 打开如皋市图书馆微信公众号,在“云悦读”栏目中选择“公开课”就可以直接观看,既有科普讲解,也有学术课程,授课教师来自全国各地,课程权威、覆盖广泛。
---
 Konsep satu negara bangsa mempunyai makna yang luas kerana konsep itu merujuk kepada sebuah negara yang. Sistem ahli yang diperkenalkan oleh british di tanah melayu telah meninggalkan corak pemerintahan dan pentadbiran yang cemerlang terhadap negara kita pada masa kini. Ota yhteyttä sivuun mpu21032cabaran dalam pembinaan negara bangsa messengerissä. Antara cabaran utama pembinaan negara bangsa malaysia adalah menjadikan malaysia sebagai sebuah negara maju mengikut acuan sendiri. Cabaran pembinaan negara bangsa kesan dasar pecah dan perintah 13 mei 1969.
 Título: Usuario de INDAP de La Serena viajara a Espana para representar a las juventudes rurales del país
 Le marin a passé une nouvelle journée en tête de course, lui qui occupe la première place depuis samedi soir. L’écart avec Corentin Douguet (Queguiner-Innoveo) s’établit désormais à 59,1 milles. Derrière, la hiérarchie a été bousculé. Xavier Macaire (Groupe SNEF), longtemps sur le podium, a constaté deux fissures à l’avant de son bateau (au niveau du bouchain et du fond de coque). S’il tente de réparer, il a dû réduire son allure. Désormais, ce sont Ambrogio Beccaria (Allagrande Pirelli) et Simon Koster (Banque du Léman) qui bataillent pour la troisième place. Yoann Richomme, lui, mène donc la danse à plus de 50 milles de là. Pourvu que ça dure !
--
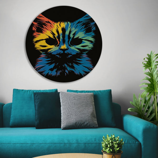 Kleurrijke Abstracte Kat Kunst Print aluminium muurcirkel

- [What is needed] Everything above from the line containing "Konsep satu negara" down to the line containing "Título: Usuario de" should be copied exactly, both end lines included, and nothing else.

- [Response to this exercise]
 Konsep satu negara bangsa mempunyai makna yang luas kerana konsep itu merujuk kepada sebuah negara yang. Sistem ahli yang diperkenalkan oleh british di tanah melayu telah meninggalkan corak pemerintahan dan pentadbiran yang cemerlang terhadap negara kita pada masa kini. Ota yhteyttä sivuun mpu21032cabaran dalam pembinaan negara bangsa messengerissä. Antara cabaran utama pembinaan negara bangsa malaysia adalah menjadikan malaysia sebagai sebuah negara maju mengikut acuan sendiri. Cabaran pembinaan negara bangsa kesan dasar pecah dan perintah 13 mei 1969.
 Título: Usuario de INDAP de La Serena viajara a Espana para representar a las juventudes rurales del país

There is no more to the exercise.